Goal of the exercise.
The expected output is exactly the lines below, starting at the line with "Švajčiarsky strojček ETA" and ending at the line with "収穫〜! 娘が 手伝ってくれます。 まずは ピーマン! 渋めの割烹着…", both included; no other line belongs in it.

Working data.
——————

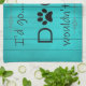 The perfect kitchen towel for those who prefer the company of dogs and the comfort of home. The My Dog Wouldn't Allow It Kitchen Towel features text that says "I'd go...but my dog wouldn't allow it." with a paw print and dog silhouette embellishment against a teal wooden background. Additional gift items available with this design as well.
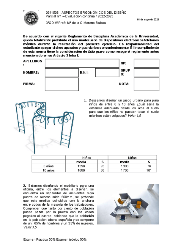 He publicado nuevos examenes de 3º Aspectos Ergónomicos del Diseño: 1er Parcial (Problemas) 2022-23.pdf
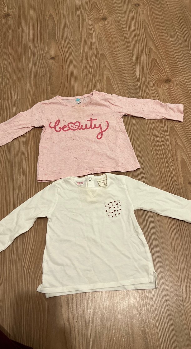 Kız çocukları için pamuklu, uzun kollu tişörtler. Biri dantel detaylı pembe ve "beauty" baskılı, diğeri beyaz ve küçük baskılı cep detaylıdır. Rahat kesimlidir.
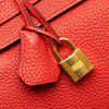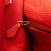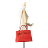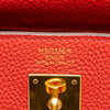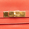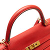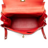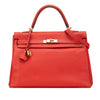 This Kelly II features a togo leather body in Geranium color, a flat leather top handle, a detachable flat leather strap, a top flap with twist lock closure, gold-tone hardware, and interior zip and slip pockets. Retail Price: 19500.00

——————

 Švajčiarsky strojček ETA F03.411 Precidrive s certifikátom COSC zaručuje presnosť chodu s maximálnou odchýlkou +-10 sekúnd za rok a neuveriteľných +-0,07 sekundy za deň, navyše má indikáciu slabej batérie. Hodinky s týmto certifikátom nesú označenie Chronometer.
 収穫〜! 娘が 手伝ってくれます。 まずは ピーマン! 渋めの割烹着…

——————

Solved problem.
 Švajčiarsky strojček ETA F03.411 Precidrive s certifikátom COSC zaručuje presnosť chodu s maximálnou odchýlkou +-10 sekúnd za rok a neuveriteľných +-0,07 sekundy za deň, navyše má indikáciu slabej batérie. Hodinky s týmto certifikátom nesú označenie Chronometer.
 収穫〜! 娘が 手伝ってくれます。 まずは ピーマン! 渋めの割烹着…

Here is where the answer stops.